Page d'histoire : Hubert Robert Paris, 22 mai 1733 - Paris, 15 avril 1808

Paysage de cascade avec les bergers d’Arcadie
Huile sur toile d’Hubert Robert, 1789
Valence, musée des beaux-arts et d’archéologie
(achat 2005 avec l’aide de l’État et de la région dans le cadre du FRAM)
© Musée de Valence

Originaire d’une famille de la moyenne bourgeoisie, Hubert Robert est le  fils d’un écuyer du marquis de Stainville, envoyé extraordinaire du duc de Lorraine auprès du roi de France. Sur son enfance on ne possède que peu de renseignements, si ce n’est qu’il bénéficie de la protection de la famille Choiseul-Stainville grâce à laquelle il peut faire ses études au collège de Navarre. Il y reçoit une éducation classique dont peu d’artistes parmi ses contemporains purent bénéficier.

C’est ensuite très certainement auprès de Michel-Ange Slodtz (1705-1764), fervent admirateur des peintres italiens, qu’il découvre Rome et ses richesses. Il désire entreprendre le « voyage d’Italie », considéré comme l’indispensable école de tout artiste débutant.
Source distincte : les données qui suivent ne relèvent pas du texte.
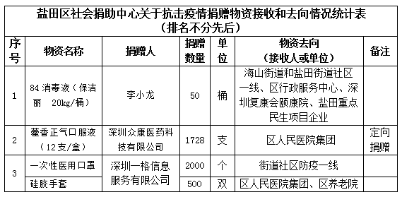 盐田区社会捐助中心将及时公布抗击疫情捐赠物资接收及分配情况,欢迎社会各界监督,联系人:韩民,13602621235。

C’est chose faite en 1754 ; il est le seul artiste de la suite du comte de Stainville, ambassadeur de France à Rome, où il obtient le droit de suivre les cours de l’Académie de France alors installée au palais Mancini sur le Corso ; il en devient pensionnaire en 1759.

C’est pendant ces années romaines, de 1754 à 1765, que toutes les facettes de son art vont se forger, avec la découverte des grands maîtres italiens du paysage de ruines tels Pannini (1691-1765) et Piranèse (1720-1778), celle des grands sites antiques de Pompéi, Paestum ou Herculanum, redécouverts à cette époque, celle de la Rome antique et moderne des Césars et des papes aux architectures monumentales, places, églises et palais, celle enfin de la nature somptueusement disciplinée des villas de la campagne de Rome, Tivoli ou Ronciglione qu’il parcourt avec Natoire (1700-1777), Fragonard (1732-1806) ou l’abbé de Saint-Non (1727-1791). Il accumule alors croquis et esquisses qui, plus tard en France, « réinventés », feront de lui un des maîtres du « paysage de ruines à caractère sentimental et décoratif » et lui vaudront le surnom de « Robert des ruines ».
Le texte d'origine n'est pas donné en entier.